Purchase Price: The purchase price shall be determined based on Jet.AI’s Net Cash multiplied by the Applicable Premium Percentage. Net Cash of at least $12 million is a condition to closing the Business Combination and will consist of the Company’s cash on hand (including any deposits held by Textron Aviation) subtracting any cash net working capital requirement mutually agreed upon, and transaction costs triggered by the closing of the Business Combination. To satisfy closing conditions and to meet the company’s ongoing financing requirements, Jet.AI has signed a $50 million non-binding term sheet with Hexstone Capital LP on economic terms substantially similar to those of its existing $16.5 million arrangement with Ionic Ventures LLC. The applicable premium percentage paid for the aviation business will be between 115% and 120% equivalent to a dollar value today contemplated in the range of $12mm to $22mm, depending on the Net Cash value at the close of transaction.

 

Timing: The transaction is expected to close in the second quarter of 2025, subject to various closing conditions, including but not limited to Jet.AI financing, regulatory review, and shareholder approval.

 

 

 

 

About flyExclusive flyExclusive is a vertically integrated, FAA-certificated air carrier providing private jet experiences by offering customers a choice of on-demand charter, Jet Club, and fractional ownership services to destinations across the globe. flyExclusive has one of the world’s largest fleets of Cessna Citation aircraft, and it operates a combined total of approximately 100 jets, ranging from light to large cabin sizes. The company manages all aspects of the customer experience, ensuring that every flight is on a modern, comfortable, and safe aircraft. flyExclusive’s in-house repair station, aircraft paint, cabin interior renovation, and avionics installation capabilities, are all provided from its campus headquarters in Kinston, North Carolina. To learn more, visit www.flyexclusive.com.

 

About Jet.AI Jet.AI currently operates in two segments, Software and Aviation, respectively.
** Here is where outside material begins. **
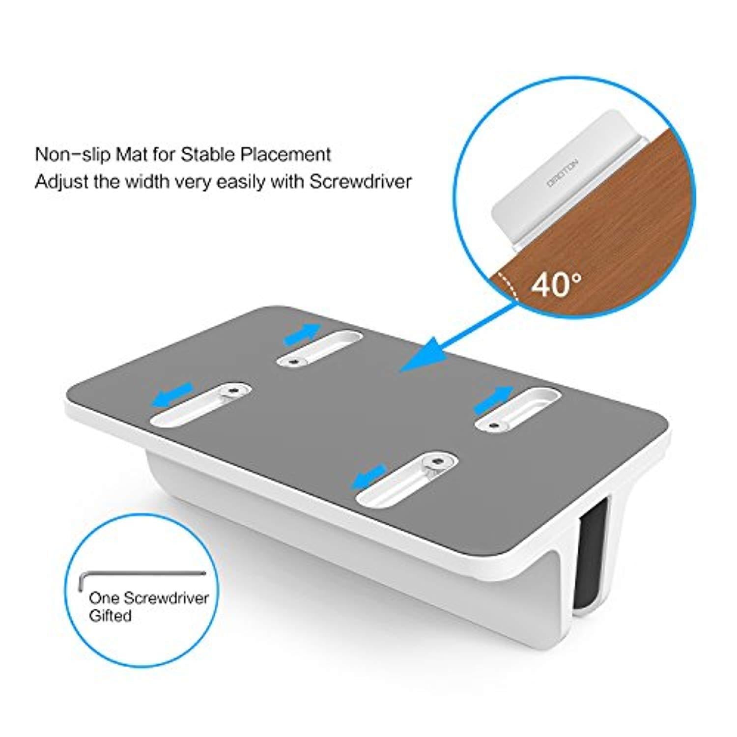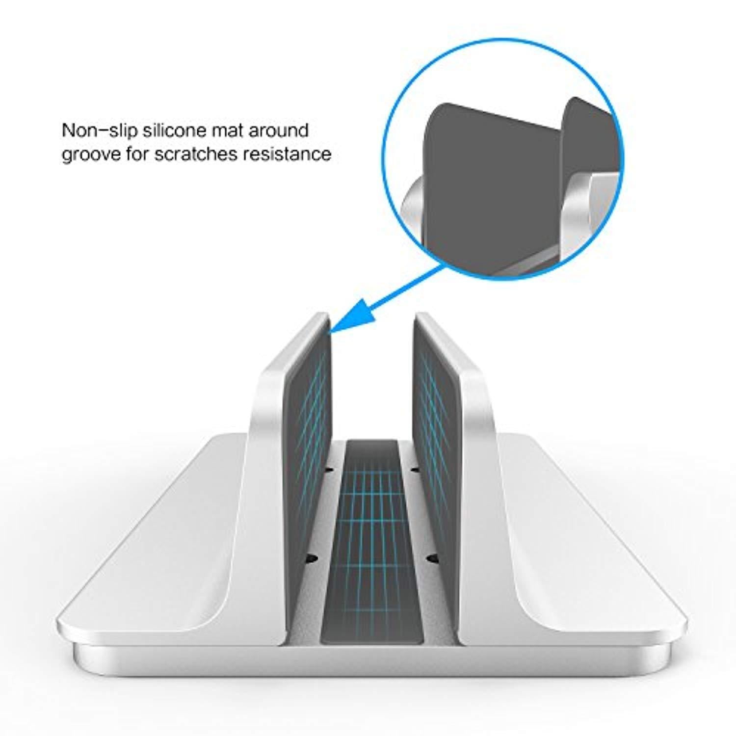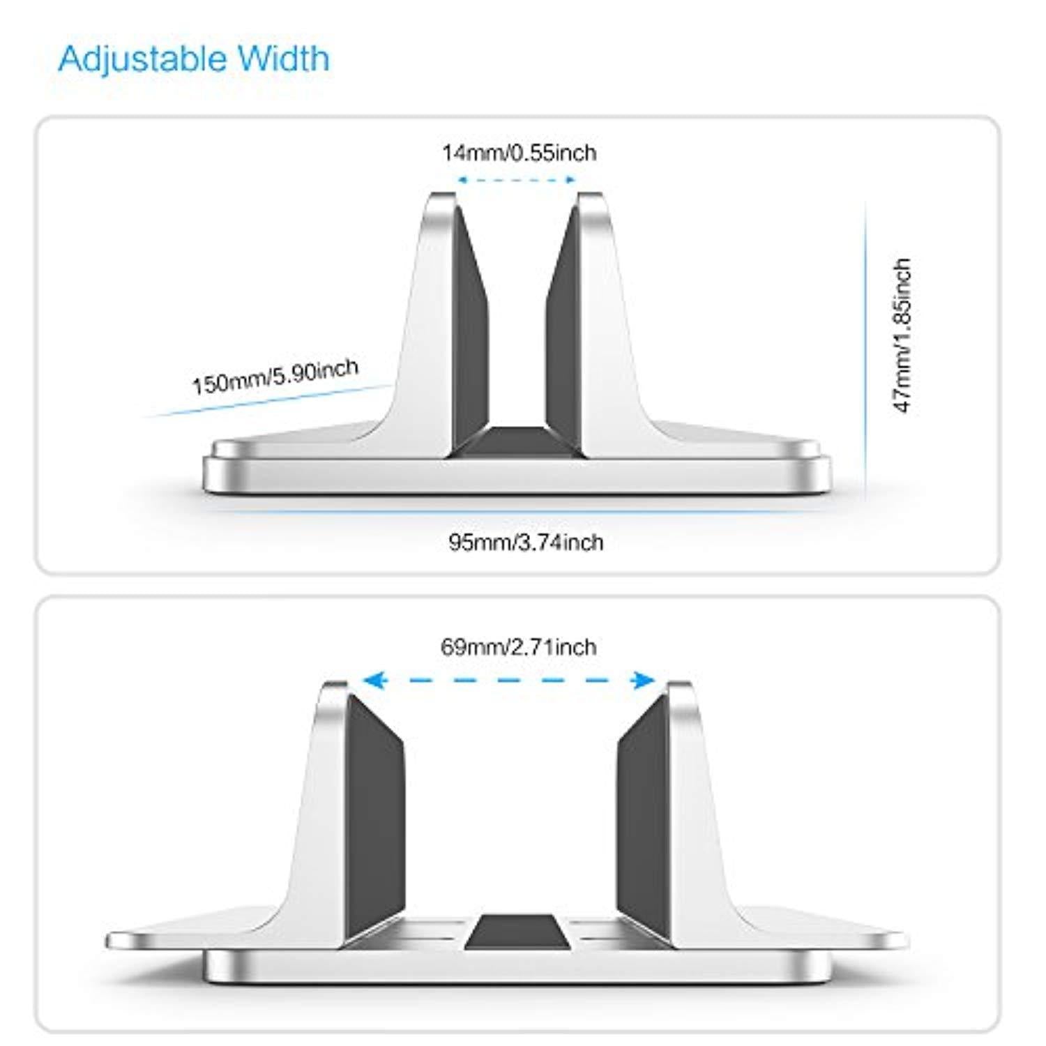 Vertical Laptop Stand [Adjustable Size], OMOTON Desktop Aluminum MacBook Stand with Adjustable Dock Size, Fits All MacBook, Surface, Chromebook and Gaming Laptops (Up to 17.3 inch), Silver

The Software segment features the B2C CharterGPT app, the Ava agentic booking AI, and the B2B Jet.AI Operator platform. The CharterGPT app and Ava both use natural language processing and machine learning to improve the private jet booking experience. The Jet.AI operator platform offers a suite of stand-alone software products to enable FAA Part 135 charter providers to add revenue, maximize efficiency, and reduce environmental impact. The Aviation segment features jet aircraft fractions, jet cards, on-fleet charter, management, and buyer’s brokerage. Jet.AI is an official partner of the Las Vegas Golden Knights, 2023 NHL Stanley Cup® champions. The Company was founded in 2018 and is based in Las Vegas, NV and San Francisco, CA.

 

Additional Information and Where to Find It

 

In connection with the Business Combination, flyExclusive and Jet.AI intend to file relevant materials with the SEC, including a registration statement on Form S-4, which will include a proxy statement/prospectus. After the registration statement is declared effective by the SEC, the definitive proxy statement/prospectus and other relevant documents will be mailed to the shareholders of Jet.AI as of the record date established for voting on the Business Combination and will contain important information about the Business Combination and related matters. Shareholders of Jet.AI and other interested persons are advised to read, when available, these materials (including any amendments or supplements thereto) and any other relevant documents in connection with Jet.AI’s solicitation of proxies for the meeting of shareholders to be held to approve, among other things, the proposed Business Combination because they will contain important information about Jet.AI, flyExclusive and the Business Combination. Shareholders will also be able to obtain copies of the preliminary proxy statement/prospectus, the definitive proxy statement/prospectus and other relevant materials in connection with the transaction without charge, once available, at the SEC’s website at www.sec.gov or by directing a request to: Jet.AI Inc., 10845 Griffith Peak Drive, Suite 200, Las Vegas, NV 89135, Attention: John Yi, email: Jet.AI@gateway-grp.com or Telephone: (949) 574-3860.

 

Participants in the Solicitation

 

Jet.AI and its respective directors and executive officers may be deemed participants in the solicitation of proxies from Jet.AI’s shareholders in connection with the Business Combination. Jet.AI’s shareholders and other interested persons may obtain, without charge, more detailed information regarding the directors and officers of Jet.AI as reflected in the annual report on Form 10-K for the period ended December 31, 2023, filed with the SEC on April 1, 2024, as amended by Form 10-K/A filed on April 29, 2024. Information regarding the persons who may, under SEC rules, be deemed participants in the solicitation of proxies to Jet.AI’s shareholders in connection with the Business Combination will be set forth in the proxy statement/prospectus for the Business Combination when available. Additional information regarding the interests of participants in the solicitation of proxies in connection with the Business Combination will be included in the proxy statement/prospectus that flyExclusive and Jet.AI intend to file with the SEC. You may obtain free copies of these documents as described in the preceding paragraph.

 

flyExclusive and its directors and executive officers may also be deemed to be participants in the solicitation of proxies from the shareholders of Jet.AI in connection with the Business Combination. A list of the names of such directors and executive officers and information regarding their interests in the Business Combination will be included in the proxy statement/prospectus for the Business Combination when available.

 

 

 

 

No Solicitation or Offer

 

This communication is for informational purposes only and is neither an offer to purchase, nor a solicitation of an offer to sell, subscribe for or buy any securities or the solicitation of any vote in any jurisdiction pursuant to the Business Combination or otherwise, nor shall there be any sale, issuance or transfer of securities in any jurisdiction in contravention of applicable law. No offer of securities shall be made except by means of a prospectus meeting the requirements of Section 10 of the Securities Act of 1933, as amended, and otherwise in accordance with applicable law.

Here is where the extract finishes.